--- Provided entries ---

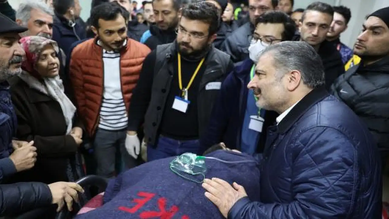 Bakan Koca, 261. saatte enkazdan çıkarılan depremzedeleri ziyaret etti
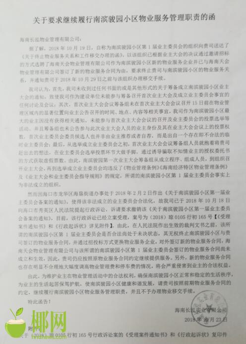 新聘任的海南天会物业管理公司负责人说:“我们是依法取得合法的物业管理权,今天是新老物业交接日,没有想到老物业拒绝交接,还引来派出所、住建部门和街道办等同志协调。”
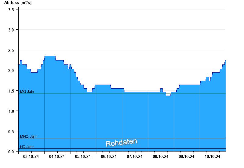 - Mittlerer Niedrigwasserabfluss MNQ 0,325 m³/s
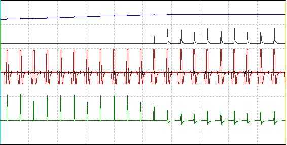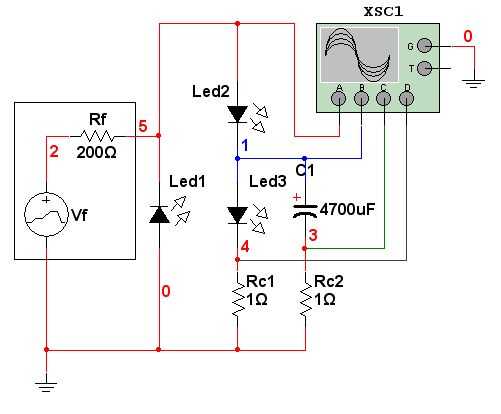 Lamentablemente no he podido conseguir Led3 para tener una conducción continua en simulaciones, aunque sucedió siempre en el circuito real. Tal vez es porque no he usado ningún inductores en mi modelo de bobina.
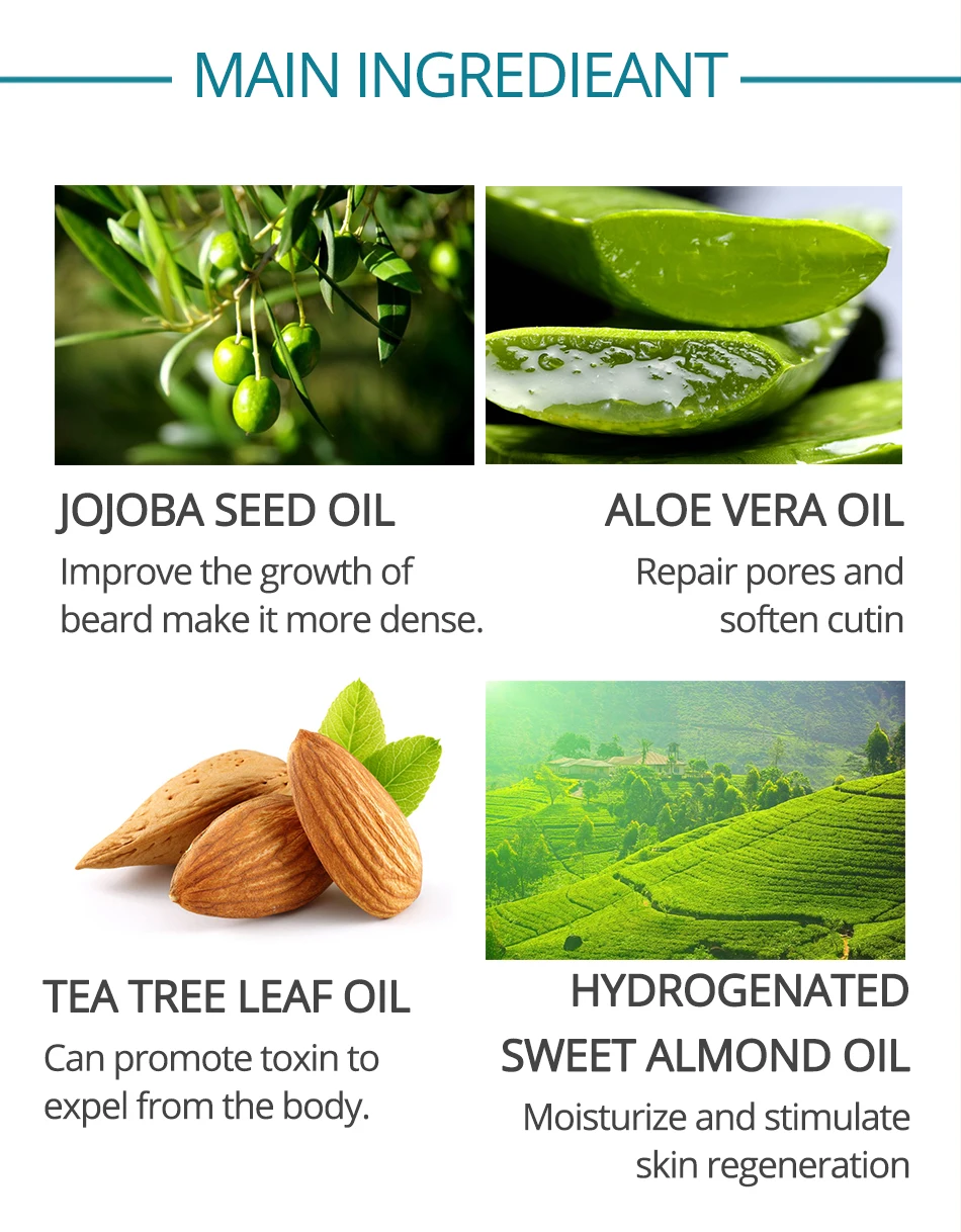 Масло семян жожобаУлучшение роста бороды делает его более плотным.Масло алоэ вераВосстанавливает поры и смягчает кутин.Масло листьев чайного дереваМожет способствовать вытеснению токсинов из организма.ГидрогенизированныйМасло сладкого миндаляРегенерация моистуриза и стимулятора

---

### Work to complete
Omit the pictures and write out the lines above from the one with "Lamentablemente no he" through the last, unchanged.

### Reply to the task
 Lamentablemente no he podido conseguir Led3 para tener una conducción continua en simulaciones, aunque sucedió siempre en el circuito real. Tal vez es porque no he usado ningún inductores en mi modelo de bobina.
 Масло семян жожобаУлучшение роста бороды делает его более плотным.Масло алоэ вераВосстанавливает поры и смягчает кутин.Масло листьев чайного дереваМожет способствовать вытеснению токсинов из организма.ГидрогенизированныйМасло сладкого миндаляРегенерация моистуриза и стимулятора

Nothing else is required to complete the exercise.